◆ **RECORDS TO USE**
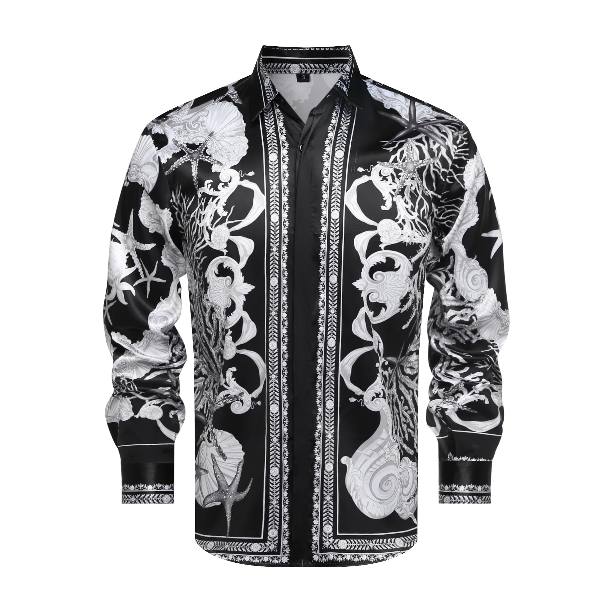 GSBOGOSSE Men Gold Fashion Luxury Printed Satin Long Sleeve Button-Down Shirts Flashy Retro Gorgeous Design Party Gift Shirt|Clothing
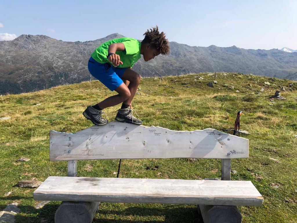 Direkt am Gipfel des Schartenkogels steht eine Bank mit allen Gipfeln der näheren Umgebung. Ein kurzer Vergleich zeigt uns, dass wir Beide schon alle gezeigten Gipfel erstiegen haben. Letu will es aber nochmals wissen, und steigt in Sekundenschnelle über alle Gipfel.
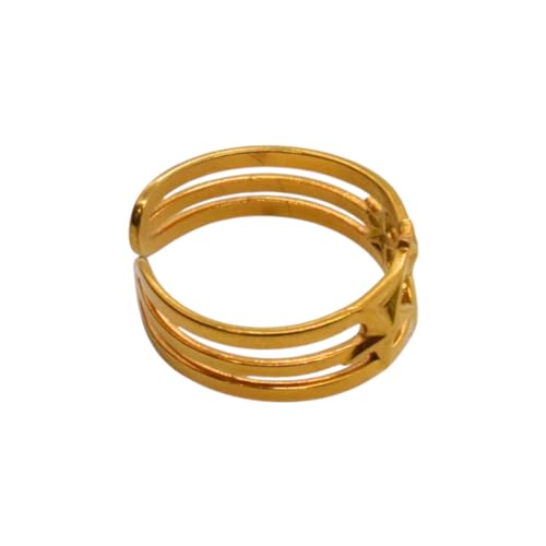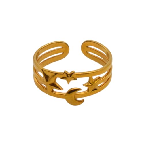 Generic - خاتم للنساء من الستانلس ستيل باشكال هلال ونجوم، مقاس واحد - ذهبي
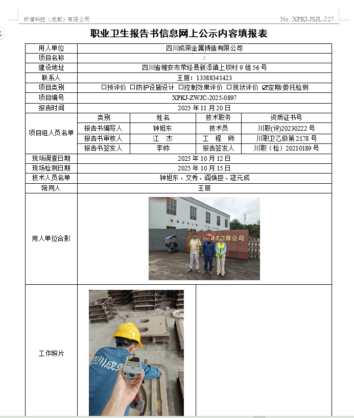 四川省广汉市益森胶合板有限公司职业病危害定期检测
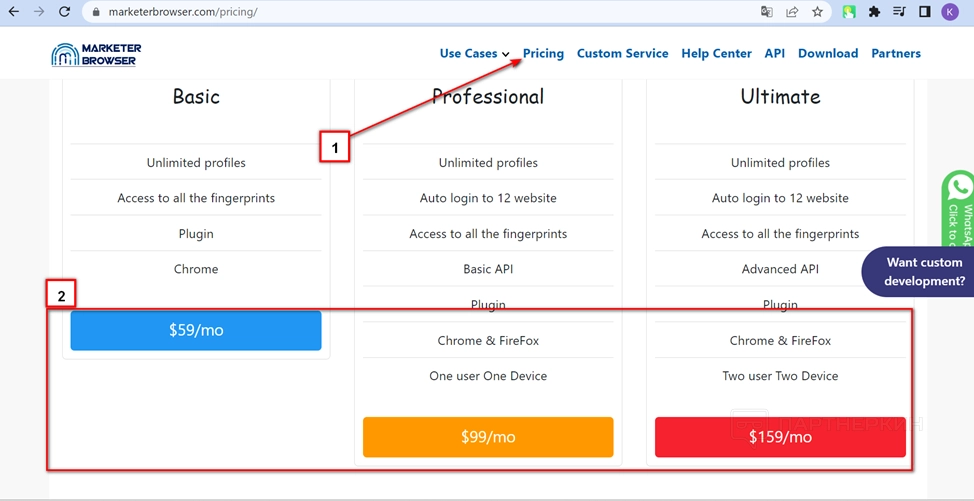 Ключ можно получить на почту только после оплаты. Для этого нужно перейти во вкладку Pricing (1) и выбрать один из тарифов (2). Откроется pdf-файл с вариантами пополнения баланса.
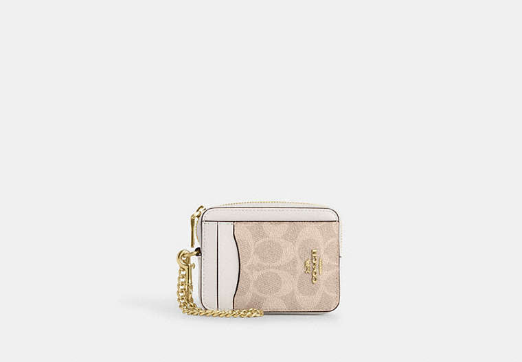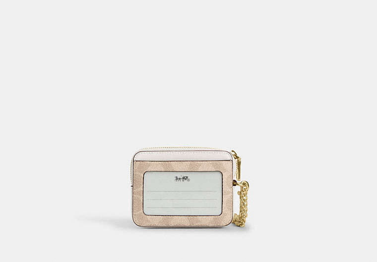 Coach Zip Card Case In Signature - Gold/Sand/Chalk

◆ **WHAT TO WORK ON**
Find the line containing "Generic - خاتم" in the listing above. Please restate word for word that line through the last one, leaving out the pictures.

◆ **SOLUTION**
 Generic - خاتم للنساء من الستانلس ستيل باشكال هلال ونجوم، مقاس واحد - ذهبي
 四川省广汉市益森胶合板有限公司职业病危害定期检测
 Ключ можно получить на почту только после оплаты. Для этого нужно перейти во вкладку Pricing (1) и выбрать один из тарифов (2). Откроется pdf-файл с вариантами пополнения баланса.
 Coach Zip Card Case In Signature - Gold/Sand/Chalk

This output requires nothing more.